Intents In Android
Before going over intents, it's important to know what activities are. In Android, an activity is a window inside of the app you can interact with. Think of a homepage and settings page. Two different views that let you do two different things.
Intents
Intents let you trigger other activities and pass information from one activity to another.
Create an Intent
To do this, you can create an Intent
object.

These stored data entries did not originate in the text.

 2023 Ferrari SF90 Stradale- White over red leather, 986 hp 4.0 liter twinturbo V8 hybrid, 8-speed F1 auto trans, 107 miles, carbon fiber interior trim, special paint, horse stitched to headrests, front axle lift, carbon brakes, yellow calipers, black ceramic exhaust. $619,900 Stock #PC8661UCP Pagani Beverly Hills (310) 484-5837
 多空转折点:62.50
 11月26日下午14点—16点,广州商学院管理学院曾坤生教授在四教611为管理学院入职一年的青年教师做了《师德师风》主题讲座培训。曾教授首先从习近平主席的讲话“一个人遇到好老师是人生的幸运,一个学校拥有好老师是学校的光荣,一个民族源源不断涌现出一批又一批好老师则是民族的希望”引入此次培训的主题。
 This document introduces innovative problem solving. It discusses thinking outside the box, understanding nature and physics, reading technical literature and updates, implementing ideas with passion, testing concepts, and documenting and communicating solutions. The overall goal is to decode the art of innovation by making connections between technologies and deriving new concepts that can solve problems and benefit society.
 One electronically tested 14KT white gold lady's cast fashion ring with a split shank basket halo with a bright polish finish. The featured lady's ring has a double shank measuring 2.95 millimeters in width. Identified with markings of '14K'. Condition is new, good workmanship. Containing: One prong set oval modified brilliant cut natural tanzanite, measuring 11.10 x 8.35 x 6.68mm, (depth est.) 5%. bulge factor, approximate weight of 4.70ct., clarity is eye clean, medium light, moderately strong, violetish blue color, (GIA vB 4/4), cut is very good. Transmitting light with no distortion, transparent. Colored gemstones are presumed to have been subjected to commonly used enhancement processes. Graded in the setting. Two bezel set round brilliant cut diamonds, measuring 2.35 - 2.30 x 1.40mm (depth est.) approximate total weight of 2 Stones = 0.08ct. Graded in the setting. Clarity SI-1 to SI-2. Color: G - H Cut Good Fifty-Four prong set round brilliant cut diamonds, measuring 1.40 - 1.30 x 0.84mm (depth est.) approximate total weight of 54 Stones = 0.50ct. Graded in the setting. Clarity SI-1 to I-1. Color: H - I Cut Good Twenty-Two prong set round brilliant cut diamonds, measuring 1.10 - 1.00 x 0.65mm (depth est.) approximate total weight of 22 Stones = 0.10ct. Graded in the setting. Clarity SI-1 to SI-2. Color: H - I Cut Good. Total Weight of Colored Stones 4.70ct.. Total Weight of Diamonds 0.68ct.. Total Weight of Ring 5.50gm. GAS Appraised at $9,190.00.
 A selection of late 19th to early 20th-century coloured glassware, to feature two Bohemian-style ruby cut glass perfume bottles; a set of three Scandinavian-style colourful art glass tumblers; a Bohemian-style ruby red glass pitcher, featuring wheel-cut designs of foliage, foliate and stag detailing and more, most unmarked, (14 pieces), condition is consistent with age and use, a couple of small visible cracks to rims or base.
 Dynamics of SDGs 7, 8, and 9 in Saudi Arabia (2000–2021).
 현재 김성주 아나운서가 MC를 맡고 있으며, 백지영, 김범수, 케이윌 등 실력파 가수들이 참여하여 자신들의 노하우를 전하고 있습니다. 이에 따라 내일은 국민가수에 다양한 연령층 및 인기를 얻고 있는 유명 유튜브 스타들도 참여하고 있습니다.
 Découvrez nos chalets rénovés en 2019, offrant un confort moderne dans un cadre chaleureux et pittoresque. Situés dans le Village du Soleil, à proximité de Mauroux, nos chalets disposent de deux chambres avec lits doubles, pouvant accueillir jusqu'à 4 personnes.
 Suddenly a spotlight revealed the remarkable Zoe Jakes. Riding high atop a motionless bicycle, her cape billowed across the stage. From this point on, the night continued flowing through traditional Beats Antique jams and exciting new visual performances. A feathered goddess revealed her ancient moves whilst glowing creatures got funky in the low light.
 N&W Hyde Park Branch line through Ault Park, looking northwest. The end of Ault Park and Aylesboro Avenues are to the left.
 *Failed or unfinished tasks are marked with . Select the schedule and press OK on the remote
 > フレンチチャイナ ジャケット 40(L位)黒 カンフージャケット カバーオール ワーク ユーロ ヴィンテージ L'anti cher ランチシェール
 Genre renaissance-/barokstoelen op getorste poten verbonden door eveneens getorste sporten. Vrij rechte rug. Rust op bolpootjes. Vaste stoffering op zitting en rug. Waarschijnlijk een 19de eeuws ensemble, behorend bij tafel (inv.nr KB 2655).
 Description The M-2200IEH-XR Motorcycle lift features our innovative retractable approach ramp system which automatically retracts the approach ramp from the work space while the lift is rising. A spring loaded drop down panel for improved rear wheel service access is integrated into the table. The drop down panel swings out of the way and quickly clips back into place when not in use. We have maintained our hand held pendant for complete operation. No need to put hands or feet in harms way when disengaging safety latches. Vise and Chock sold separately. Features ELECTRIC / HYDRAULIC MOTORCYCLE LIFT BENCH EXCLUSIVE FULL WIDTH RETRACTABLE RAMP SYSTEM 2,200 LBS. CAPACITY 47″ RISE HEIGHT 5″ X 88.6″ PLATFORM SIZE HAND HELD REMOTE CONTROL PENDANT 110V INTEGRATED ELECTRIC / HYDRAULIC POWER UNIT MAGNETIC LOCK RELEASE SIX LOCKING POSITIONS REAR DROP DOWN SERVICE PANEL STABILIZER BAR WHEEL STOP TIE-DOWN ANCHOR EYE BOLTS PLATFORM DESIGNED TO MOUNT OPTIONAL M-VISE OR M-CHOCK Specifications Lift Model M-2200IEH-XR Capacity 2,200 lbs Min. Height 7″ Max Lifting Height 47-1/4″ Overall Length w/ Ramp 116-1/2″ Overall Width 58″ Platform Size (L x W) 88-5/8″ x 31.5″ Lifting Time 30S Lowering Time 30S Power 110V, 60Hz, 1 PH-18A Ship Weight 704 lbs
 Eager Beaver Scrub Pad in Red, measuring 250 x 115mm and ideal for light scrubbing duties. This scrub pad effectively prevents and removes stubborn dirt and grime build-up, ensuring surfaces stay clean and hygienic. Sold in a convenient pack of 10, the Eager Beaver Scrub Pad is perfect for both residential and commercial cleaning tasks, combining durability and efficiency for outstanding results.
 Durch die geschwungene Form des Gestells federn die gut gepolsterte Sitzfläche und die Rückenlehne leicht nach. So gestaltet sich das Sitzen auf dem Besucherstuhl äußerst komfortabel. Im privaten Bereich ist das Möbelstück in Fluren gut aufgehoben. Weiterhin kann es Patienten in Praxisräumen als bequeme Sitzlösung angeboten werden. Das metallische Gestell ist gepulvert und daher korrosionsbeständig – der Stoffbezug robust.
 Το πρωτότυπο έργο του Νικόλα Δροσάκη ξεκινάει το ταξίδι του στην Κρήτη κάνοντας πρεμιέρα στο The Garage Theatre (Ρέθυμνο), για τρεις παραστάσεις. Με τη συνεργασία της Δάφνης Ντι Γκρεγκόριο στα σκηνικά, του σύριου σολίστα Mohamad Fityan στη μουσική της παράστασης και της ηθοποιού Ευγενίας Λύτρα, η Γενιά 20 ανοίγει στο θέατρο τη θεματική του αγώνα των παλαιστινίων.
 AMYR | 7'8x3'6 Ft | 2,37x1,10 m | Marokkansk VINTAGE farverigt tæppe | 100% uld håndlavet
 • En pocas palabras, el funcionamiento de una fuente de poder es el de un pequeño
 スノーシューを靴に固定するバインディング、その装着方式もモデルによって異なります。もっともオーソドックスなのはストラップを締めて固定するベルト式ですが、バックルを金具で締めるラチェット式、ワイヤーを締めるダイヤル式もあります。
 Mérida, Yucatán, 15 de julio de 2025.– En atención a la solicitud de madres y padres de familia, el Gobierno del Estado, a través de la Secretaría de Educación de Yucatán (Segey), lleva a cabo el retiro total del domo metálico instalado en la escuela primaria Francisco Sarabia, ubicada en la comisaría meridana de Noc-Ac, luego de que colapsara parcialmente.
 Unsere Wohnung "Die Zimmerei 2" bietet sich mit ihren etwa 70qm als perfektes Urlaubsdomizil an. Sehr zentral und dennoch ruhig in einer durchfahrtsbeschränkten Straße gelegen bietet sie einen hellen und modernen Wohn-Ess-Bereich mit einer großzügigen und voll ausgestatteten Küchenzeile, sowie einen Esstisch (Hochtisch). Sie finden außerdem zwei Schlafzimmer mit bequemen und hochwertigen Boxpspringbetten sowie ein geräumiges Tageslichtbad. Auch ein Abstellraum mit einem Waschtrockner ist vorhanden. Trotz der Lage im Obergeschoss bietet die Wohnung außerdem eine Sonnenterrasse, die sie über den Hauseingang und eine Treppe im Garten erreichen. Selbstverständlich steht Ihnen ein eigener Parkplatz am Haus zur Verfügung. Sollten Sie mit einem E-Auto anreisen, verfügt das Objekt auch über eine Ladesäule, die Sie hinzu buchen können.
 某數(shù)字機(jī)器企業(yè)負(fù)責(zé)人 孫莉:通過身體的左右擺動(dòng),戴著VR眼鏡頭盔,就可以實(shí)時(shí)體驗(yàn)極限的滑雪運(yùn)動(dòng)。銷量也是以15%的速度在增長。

When you create an Intent object, you provide the calling class and the target class it should trigger.
Java:
Intent intent = new Intent(this, target.class);
Kotlin:
val intent = Intent(this, TargetClass::class.java)
Pass data from one activity to another with intents
Next, you can attach information to the intent with putExtra
.
Java:
String user = "boo";
intent.putExtra("firstName", user);
Kotlin:
String user = "boo"
val intent = Intent(this, TargetClass::class.java).apply {
putExtra(firstName, user)
}
Now intent
will have the string boo
saved and mapped to firstName
.
Start the activity
At this point we have an intent object with the first name of the user, boo
. To actually start the target activity, we need to make a call to startActivity
which takes in an intent
object.
startActivity(intent);
Receive an intent
Inside of the class the intent was targeting, you need to get the intent with getIntent()
.
Intent intent = getIntent();
Get the data from the intent
We know that string called firstName
variable should be passed through the intent. To fetch that, we can call getStringExtra
.
String firstName = intent.getStringExtra("firstName");
We have successfully passed the first name of the user from one activity to another using intents.
Next, we will learn about implicit and explicit intents!
This was only a high level overview of intents. The book Head First Android Development is where I learned about intents, and would recommend reading it for a more detailed explanation and actual code examples.